Research:Study of performance perception on Wikimedia projects
The current metrics we use to measure page load performance are based on assumptions about what users prefer. Even the assumption that faster is always better is universal in the metrics used in this field, while academic research shows that this might not be a universal main criterion to assess the quality of experience (performance stability might be preferred) and is likely to depend on the subject and the context.

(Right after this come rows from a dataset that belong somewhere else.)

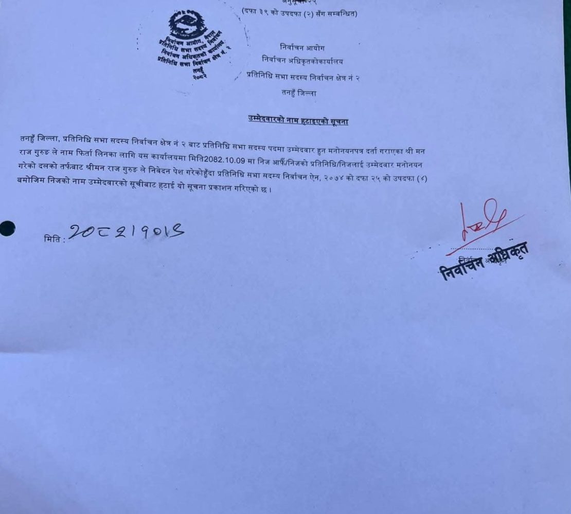 भिमाद । आगामी फागुन २१ गते हुने प्रतिनिधि सभा सदस्यको निर्वाचनमा तनहुँ २ मा राष्ट्रिय स्वतन्त्र पार्टीका उम्मेद्वारलाई सघाउने गरि उज्यालो नेपाल पार्टीका उम्मेदवार मनराज गुरुङले उम्मेदवारी फिर्ता लिएका छन् । गुरुङले रास्वपाको जित सुनिश्चित गर्न उम्मेदवारी फिर्ता लिएर सघाउने निर्णयमा पुगेको प्रतिक्रिया दिए ।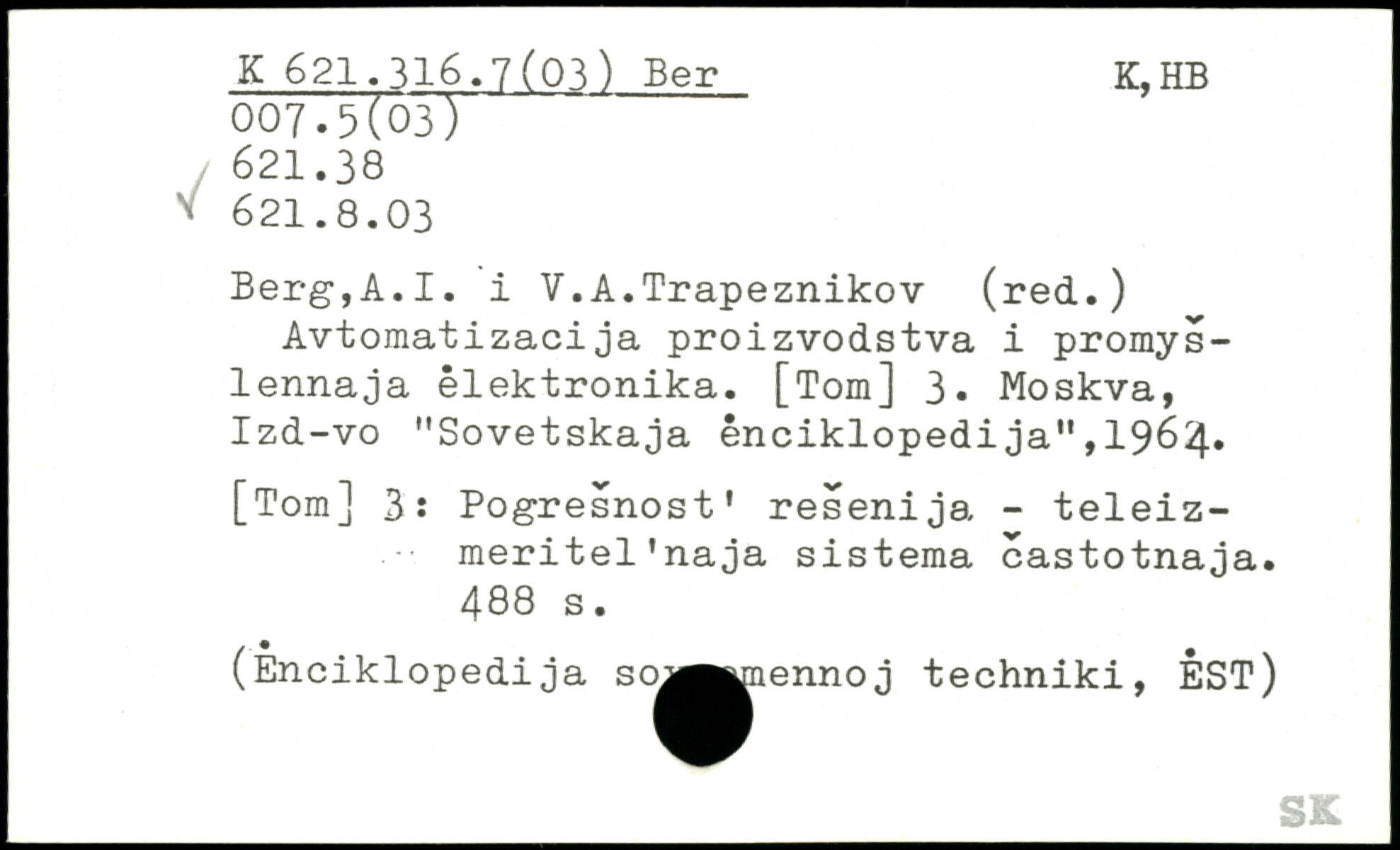 Avtomatizacija proizvodstva i promys-lennaja êlektronika. [Tom] 3, Moskva, Izd-vo "Sovetskaja ênciklopedija",1964. [Tom] 3: Pogresnost' resenija - teleiz- meritel'naja sistema castotnaja.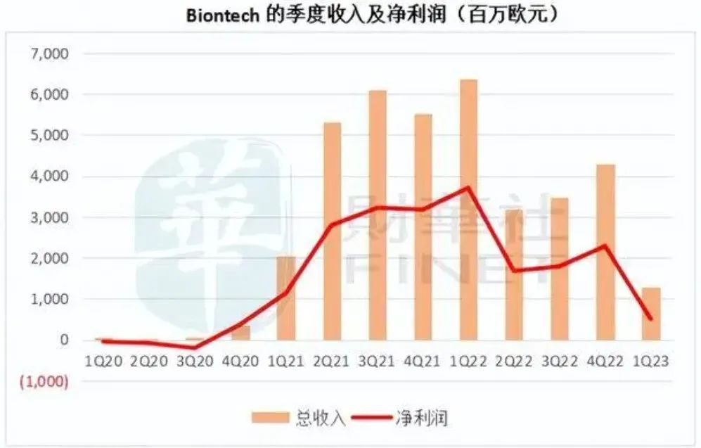 尽管推出了迭代疫苗组合,疫情影响的褪去,让BioNTech收入和利润的急速下滑:2023上半年,公司总营收14.45亿欧元,同比下降84.9%。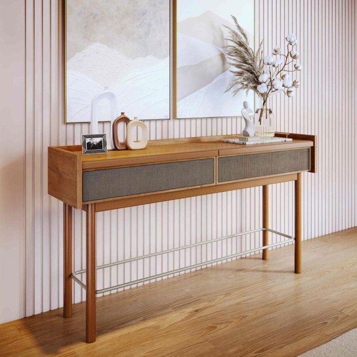 Transforme seu ambiente com este aparador que une sofisticação e funcionalidade. Com um design moderno e acabamento impecável, ele é perfeito para quem busca peças com personalidade. Design Sofisticado com uma combinação harmoniosa de madeira maciça (base, pés e puxadores) com tampo "bandeja" em MDF chanfrado de borda laqueada além dos detalhes Exclusivos:Frente das gavetas em MDF 15mm com borda laqueada e tela sintética aplicada, adicionando textura única, possui 2 gavetas espaçosas equipadas com corrediças telescópicas para abertura suave e total. Estrutura Robusta: Laterais de 25mm e um elegante arco de aço na base garantem durabilidade.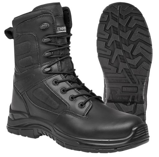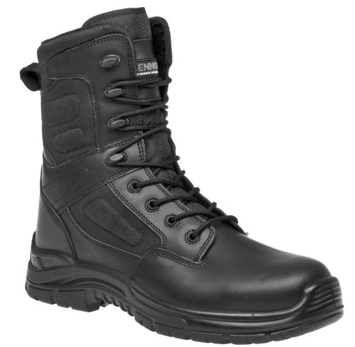 Тактичні зручні черевики без металевих елементів, призначені для використання уніформованими службами та охороною. Високоякісна шкіра забезпечує міцність і довговічність взуття, а текстиль і перфорація гарантують легкість і повітропроникність всього верху взуття. Стандарт: EN ISO 20347:2012 O1 SRC FO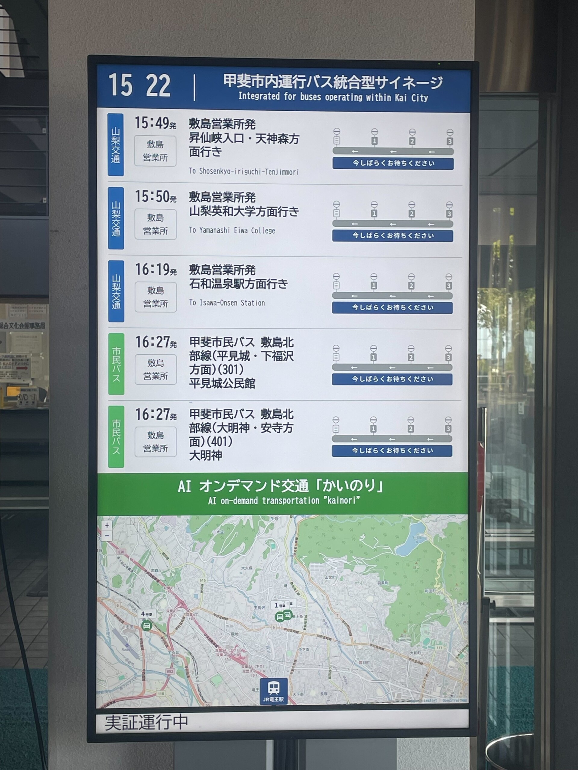 - ・「JR竜王駅」のサイネージには、①甲斐市運営のコミュニティバス ②山梨交通株式会社運営の路線バス ③南アルプス市運営のコミュニティバスの運行情報を統合して表示。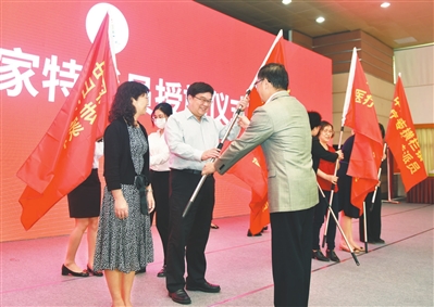 向醫(yī)療專家特派員授旗。本報(bào)記者 文波 攝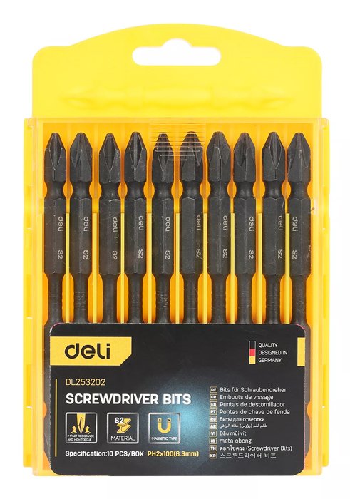 DELI μύτες κατσαβιδιού DL253202 για δράπανο, σταυρωτές, PH2x100mm, 10τμχ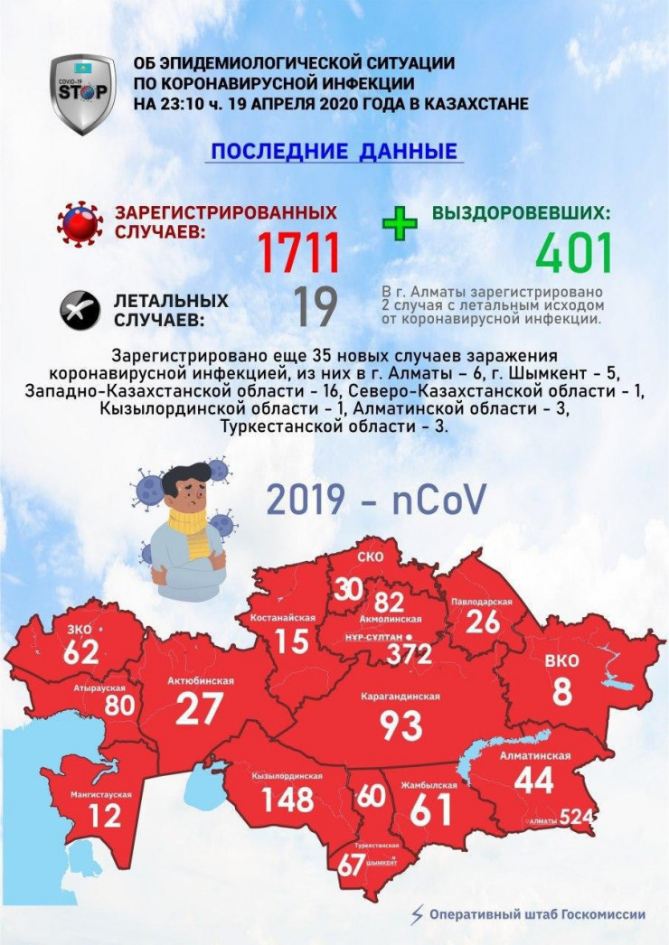 По состоянию на 23:10 19 апреля в Казахстане зарегистрировано 35 новых случаев заражения COVID-19. Об этом сообщает оперативный штаб Госкомиссии.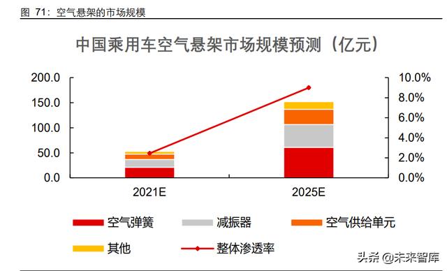 随着消费升级与国产化降本,空气悬架作为高端个性化配置未来有望在 25 万元以上车 型加速搭配,预计 2025 年搭载量超过 200 万套,单车价值超过 7000 元,合计市场规 模超过 170 亿元。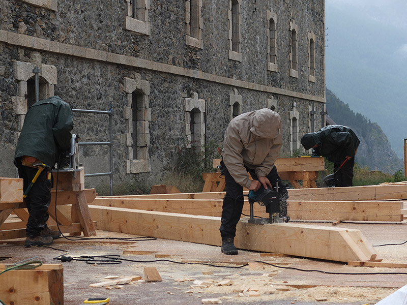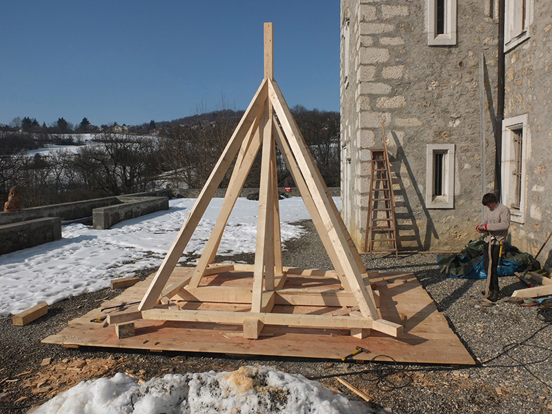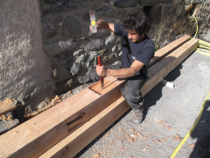Maison de Hautetour. Plans de la nouvelle charpente. Maison de Hautetour. Taille des embrèvements à la bisaigüe. Maison de Hautetour. Double embrèvement. Maison de Hautetour. Montage à blanc d'une ferme. Maison de Hautetour. Assemblage des sablières des tours rondes à double queue d'arronde. Maison de Hautetour. Panne ronde à dévers. Maison de Hautetour. Montage d'une tour ronde à blanc. Maison de Hautetour. Montage de la tour rectangulaire à blanc. Maison de Hautetour. Manutention des bois. Maison de Hautetour. Assemblage de la charpente. Maison de Hautetour. Manutention des bois. Maison de Hautetour. Assemblage de la charpente. Maison de Hautetour. Assemblage de la charpente. Maison de Hautetour. Assemblage de la charpente. Maison de Hautetour. Assemblage de la charpente. Maison de Hautetour. Tour carré: balancement des coyaux, face aplomb. Maison de Hautetour. Tour ronde: déjoutement des empanons. Maison de Hautetour. La charpente terminée. Maison de Hautetour. La charpente terminée. Maison de Hautetour. La charpente terminée. Maison de Hautetour. La charpente terminée. Fort du Randouillet, casernement n°13. Plans de charpente. Fort du Randouillet, casernement n°13. Mise sur ligne et piquage des bois. Fort du Randouillet, casernement n°13. Assemblage de la charpente. Fort du Randouillet, casernement n°13. Vue d'ensemble du chantier. Fort du Randouillet, casernement n°13. La taille par tous les temps... Fort du Randouillet, casernement n°13. Montage de la charpente. Fort du Randouillet, casernement n°13. Fin de journée sur le chantier. Fort du Randouillet, casernement n°13. Eclaircie Fort du Randouillet, casernement n°13. Fort du Randouillet, casernement n°13. Fort du Randouillet, casernement n°13. Trait de jupiter. Fort du Randouillet, casernement n°13. Vue du casernement n°12. Abbaye d'Ambronay, taille du clocheton en chêne. Abbaye d'Ambronay, taille du clocheton en chêne. Abbaye d'Ambronay, taille du clocheton en chêne. Abbaye d'Ambronay, taille du clocheton en chêne. Abbaye d'Ambronay, levage. Abbaye d'Ambronay, levage. Abbaye d'Ambronay, clocheton en chêne. Château de Montrottier. Tour carrée sud Château de Montrottier. Tour carrée sud Château de Montrottier. Tour carrée sud Château de Montrottier. Tour carrée sud Château de Montrottier. Tour carrée sud Château de Montrottier. Echauguette nord-est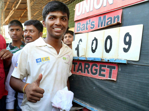 A cricket equipment kit was gifted to him on the occasion. The 15-year-old, playing for KC Gandhi Higher Secondary School, reached the gigantic score of 1000 in just 323 deliveries with a jaw-dropping strike rate of 312.38 in the game against Arya Gurukul in the Bhandary Trophy inter-school tournament organised by the Mumbai Cricket Association (MCA).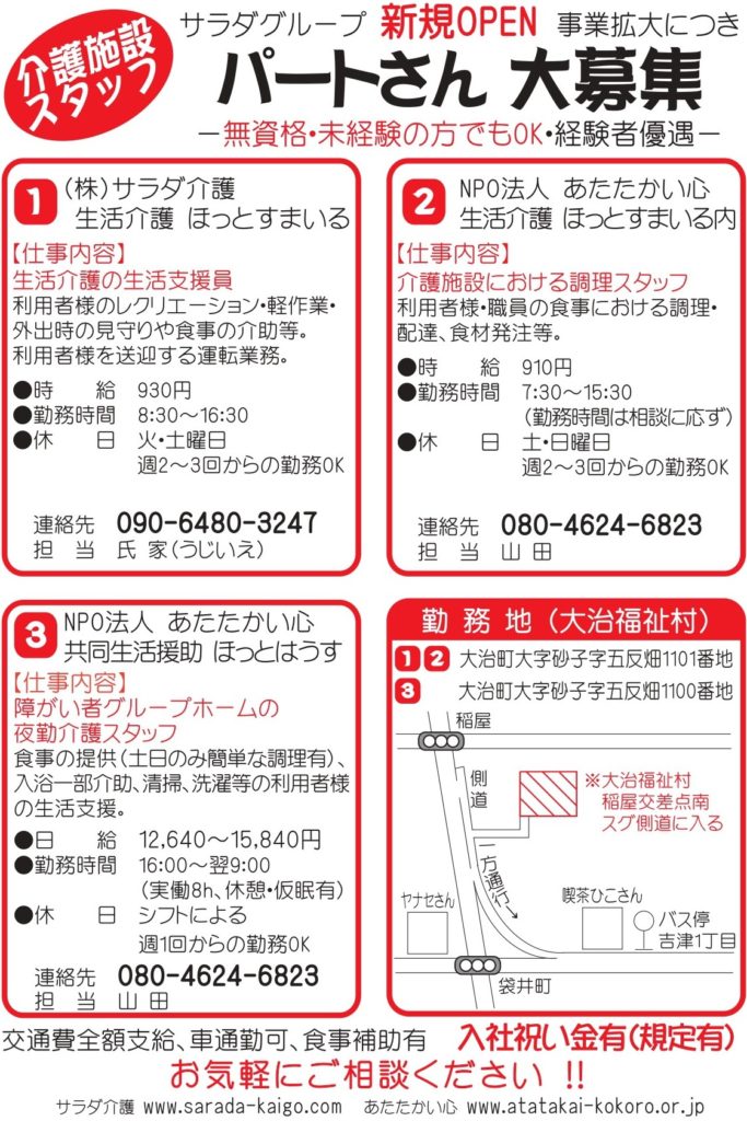 こんにちは!みらい新聞折込のスタッフです! チラシ内容のご紹介です!! 〇お客様情報(敬称略)サラダグループ住所:上記記載お問い合わせ先:同上・チラシをご覧になってご興味がございましたら、ぜひご連絡(訪問)してみてはいか …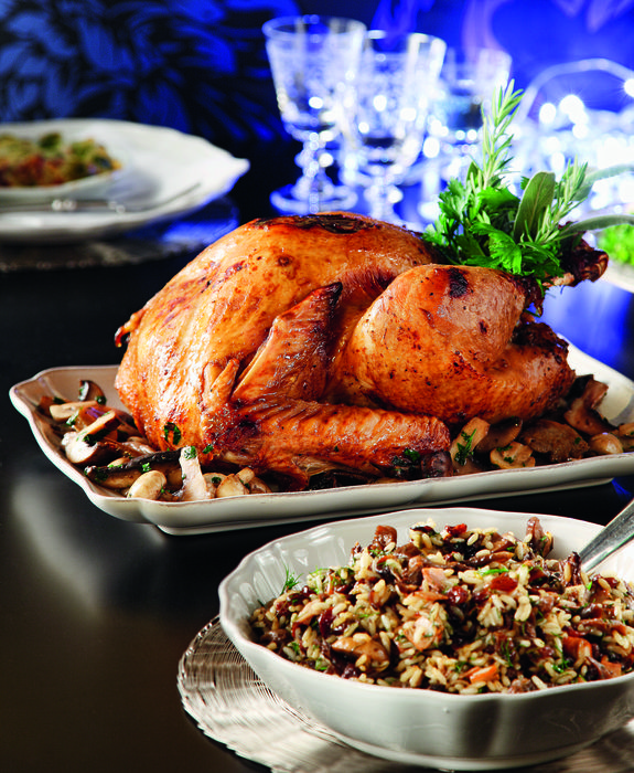 - Turkey stuffed with mushrooms, rice, raisins, and ham

We usually deal with two classes of metrics, real user metrics (RUM) that we collect passively from users, leveraging the performance information that we can capture client-side. It's usually very low level, highly granular, and quite disconnected from the experience from the user's perspective. The other type of metric we use is synthetic, where we have automated tools simulate the user experience and measure things. These get closer to the user experience, by allowing us to measure visual characteristics of a page load. But both are far from capturing what the page feels like to users, because when the measurement is made, they don't require any human input. Even their modeling is often just the best guess by engineers, and only recently have studies looked at the correlation between those metrics and user sentiment. It wasn't part of the metrics' design.
In this study, we would like to bridge the gap between user sentiment about page load performance and the passive RUM performance metrics that are easy to collect unobtrusively.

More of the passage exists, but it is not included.